Stonehaven-Wyndham is a premium planned residential community in north Newmarket, developed in the late 1990s through 2000s with larger homes, above-average construction quality, planned parks and trail corridors, and strong school access. One of Newmarkets most consistently sought-after family neighbourhoods at the upper end of the market.

The Neighbourhood

Stonehaven-Wyndham is a planned residential community in the north part of Newmarket, developed primarily from the mid-1990s through the 2000s in the area north of Mulock Drive and west of Leslie Street. It was built as a premium residential community from the outset, with above-average home sizes, planned parks and open space, and a community character designed to attract the upper end of the Newmarket buyer market. The name reflects two component communities — Stonehaven to the west and Wyndham to the east — that were developed by different builders but share a common planning framework and community identity.
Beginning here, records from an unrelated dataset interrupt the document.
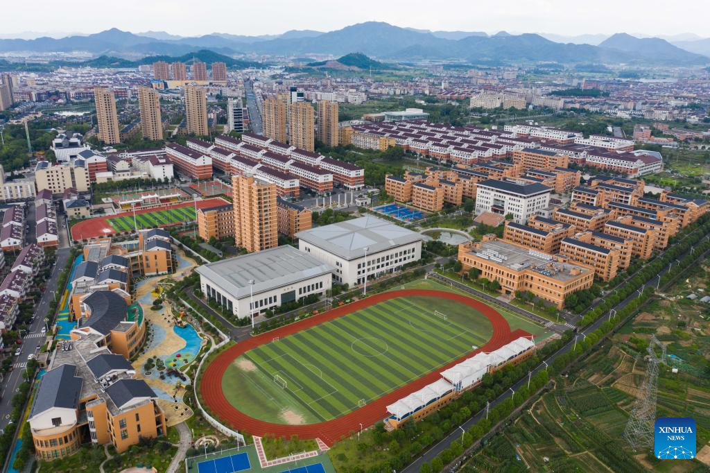 This aerial photo taken on June 19, 2023 shows a school in Huayuan Village of Nanma Town, Dongyang City, east China's Zhejiang Province. (Xinhua/Xu Yu)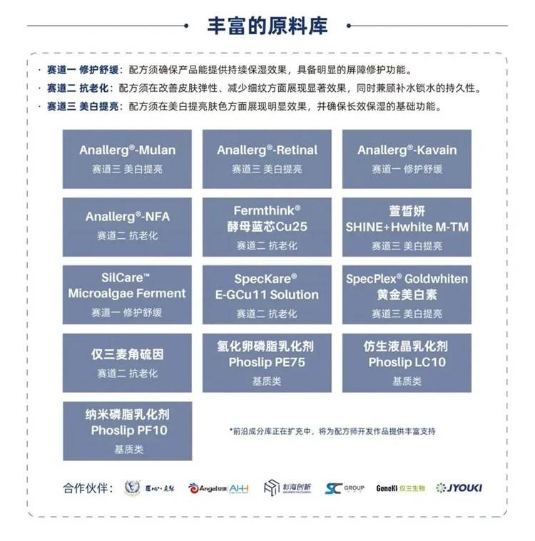 This year, five industry-leading suppliers collaborated to provide ten cutting-edge ingredients that span the three major efficacy tracks—repair and soothing, anti-aging, and whitening and brightening. The selection also introduced advanced matrix raw materials and innovative emulsifiers to meet demands for optimized skin feel.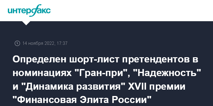 Официальное подведение итогов, награждение лауреатов и объявление полученных ими наград XVII премии "Финансовая элита России" состоится 17 ноября 2022 года в Москве.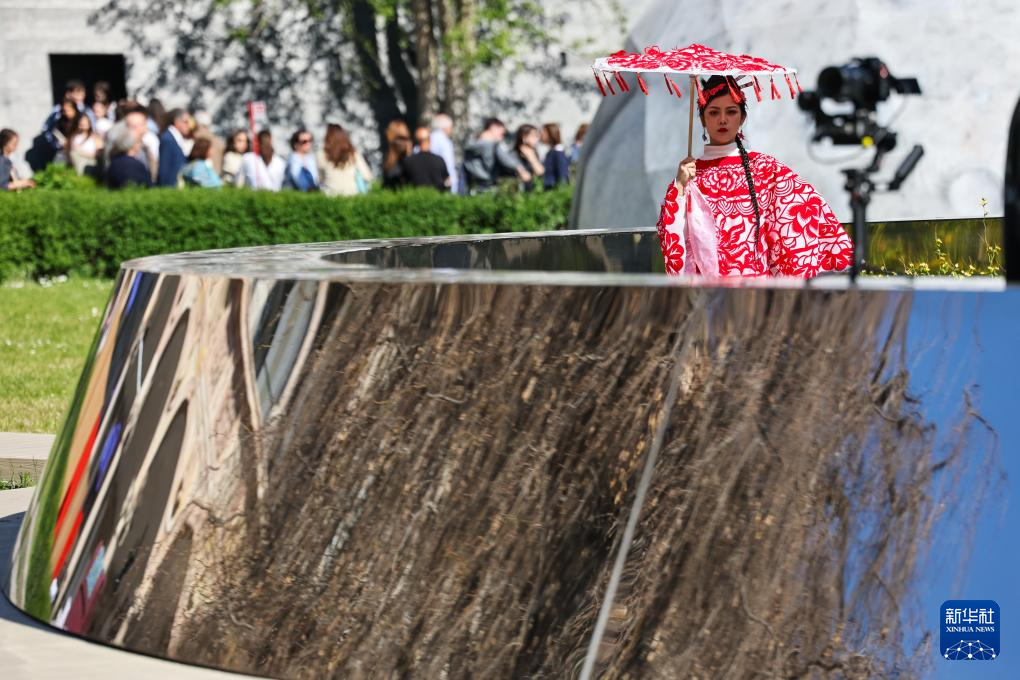 4月11日,在意大利米兰国立大学,演员在中国设计师陈耀光的镜面装置作品《礼物》中表演。

The neighbourhood’s position in north Newmarket puts it adjacent to the East Gwillimbury boundary, and some of the northern properties back onto or face the agricultural and residential edge of the two-municipality boundary. This north-end position means longer drives to the central Newmarket services along Yonge Street and to the Newmarket GO Station, balanced by the community’s own planned internal amenities and the proximity to the newer commercial development along Mulock Drive and the Upper Canada Mall area.

Stonehaven-Wyndham established and has maintained a reputation as one of the two or three most desirable residential areas in Newmarket, alongside Glenway Estates and the upper tier of Woodland Hill. Properties here trade at premiums over the mid-market Newmarket neighbourhoods, reflecting the construction quality, lot sizes, and planned community design that differentiate the area from the more organically grown residential fabric of the central and southern parts of the city.
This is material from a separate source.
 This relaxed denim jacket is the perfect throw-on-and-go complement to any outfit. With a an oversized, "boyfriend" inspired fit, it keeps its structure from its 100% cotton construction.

The community’s planned green space network, which includes stormwater management ponds, trail corridors, and larger neighbourhood parks than were provided in earlier Newmarket developments, is one of the practical daily quality-of-life features that residents cite as a reason for the premium they paid. The outdoor infrastructure of Stonehaven-Wyndham was designed specifically for the family and lifestyle demographic it was built to attract, and it has delivered what it promised over the neighbourhood’s lifespan.

What You Are Actually Buying

Stonehaven-Wyndham’s housing is primarily detached two-storey homes from the late 1990s through the 2010s, with floor plans in the 2,000 to 4,500 square foot range and the construction quality that the neighbourhood’s premium positioning required. The homes have brick and stone exterior detailing, wider frontages than the mid-market Newmarket developments, and the architectural variety within a consistent quality standard that planned premium communities of the era produced.

Lot sizes in Stonehaven-Wyndham are larger than in comparable vintage Newmarket developments. Fifty to sixty-five foot frontages are typical, with depths that provide meaningful rear yard space. Some of the larger properties in the community approach the executive home size range, with lots wide enough for triple garages and floor plans large enough for four to five bedrooms with multiple bathrooms and main-floor offices. These properties are at the upper end of the Newmarket detached market and compete with the upper tier of Glenway Estates for buyers at that price level.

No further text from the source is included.